Just to be clear, the 2020 “IoT demand” is roughly 80 EB in excess of production, which is roughly 100k wpm of 3D Gen 4 production. That’s two fabs. What about the Chinese? Don’t count on the Chinese cavalry riding to the rescue. If they are producing viable 3D product at all, they will be at Gen 1 or Gen 2, producing product that is one-fourth as dense as state-of-the-art Gen 4 product. That’s 400k wpm for China to make up the difference. Not likely.
What about DRAM? Given the 3D XP Gen2 and Gen3 roadmap and the expected commercialization of other resistive memories, DRAM will not suffer for substitutes that will better serve the needs of an IoT device. (For example, the new memories are non-volatile.) Bottom line, IoT is not likely to drive incremental DRAM demand unless the new memories we expect to be coming online in the early 2020s don’t deliver as expected. Otherwise, I expect DRAM demand to start subsiding in the 2021 time frame as these new memories, led by 3D XPoint Gen2/3, take big bites out of what would formerly have been DRAM configurations. Here’s Micron’s positioning of these new memories from its last Analyst Day.

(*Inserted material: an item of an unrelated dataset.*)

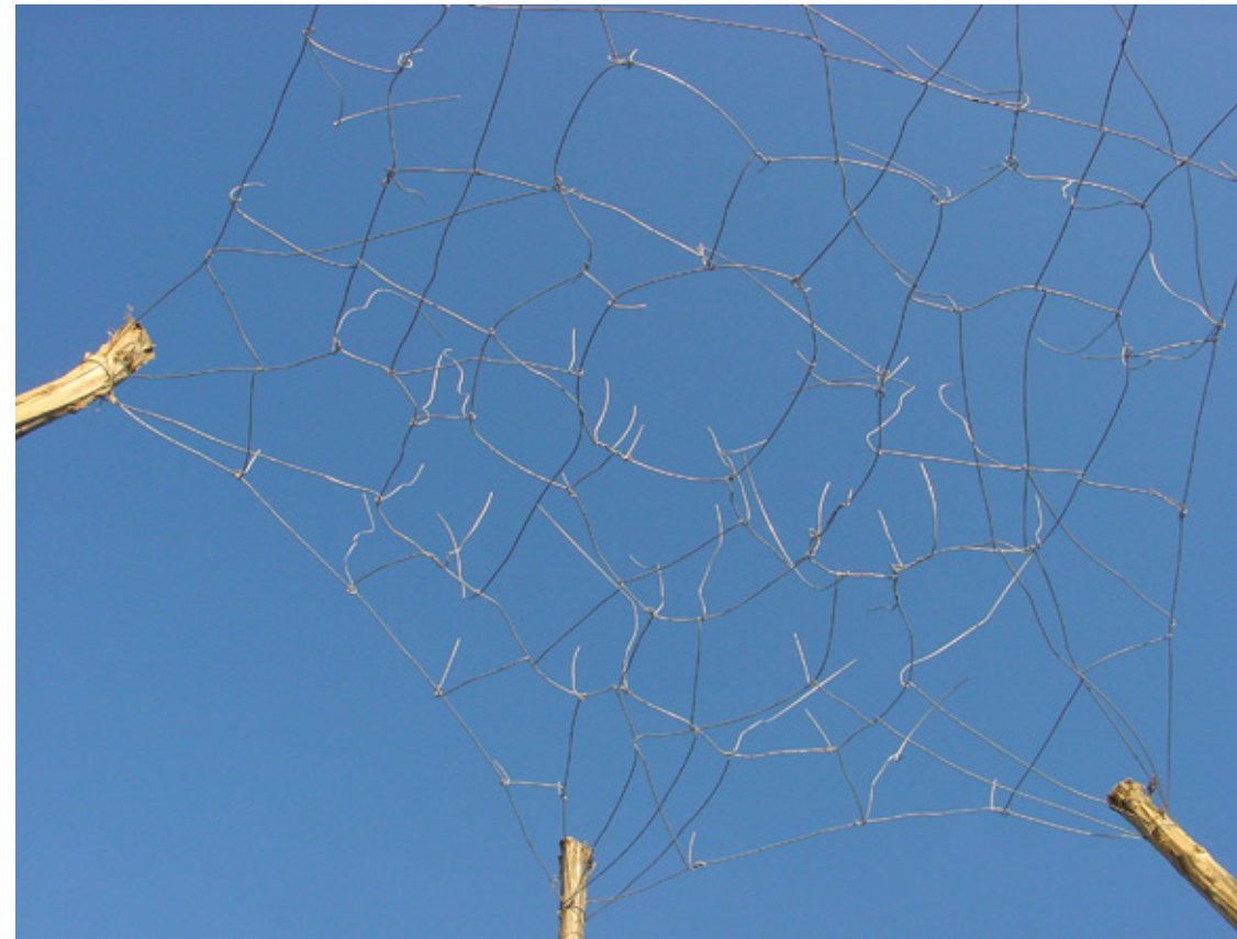
O.T. (PAVILION), 2009

Die Form spiegelt Bretterbauers langjähriges Interesse am Kreis, man mag sich an seine Arbeiten mit Fallschirmen, kreisrunden Teppichen oder ebensolche Ausschnitte in Teppichen erinnern. Die Wiederholung der Form ermöglicht den Blick auf sie als Musterung. Eine Form zeigt die Musterung von Abstraktion, sie räumt

Note how this positioning envisions broad swathes of the market TAM for IM’s XP product line and for Micron’s “New Memory,” albeit at different ends of the market. As you can see, future generations of XP are both faster and less expensive than the still nascent ReRAM technologies we expect to see in the 2020s. Even so, Micron makes it clear in this slide that XP will never be a NAND replacement – it will remain too expensive. It will instead displace and augment DRAM with a cost midway between NAND and DRAM. The yet-to-be-announced “New Memory” comes in at a cost that slightly less than DRAM but is not quite as fast. Why use it? It’s persistent and, presumably, would be significantly more attractive for IoT applications because its power-loading coefficient should be much lower than DRAM.
Where does this leave Micron? In two words – growing and profitable. True, the company will have to manage the DRAM decline as the 2020s progress, but 3D XPoint and its upcoming Next Generation memory should more than rise in tandem with DRAM’s fall. With the big questions in terms of demand resolved by IoT, pricing power for the manufacturers will be strong. So, where is the risk in this scenario? In a word – execution. The central question that remains for Micron is execution. Specifically, when will we see the announcement and ramp of XP Gen 2? When will we see Micron raise the curtain on the “New Memory?” We don’t know the answer to those questions, and until we do and in so doing gain confidence in the market TAM available to these memories, the jury will remain out, however good the NAND business is.
Disclosure: I am/we are long MU, WDC.
I wrote this article myself, and it expresses my own opinions. I am not receiving compensation for it (other than from Seeking Alpha). I have no business relationship with any company whose stock is mentioned in this article.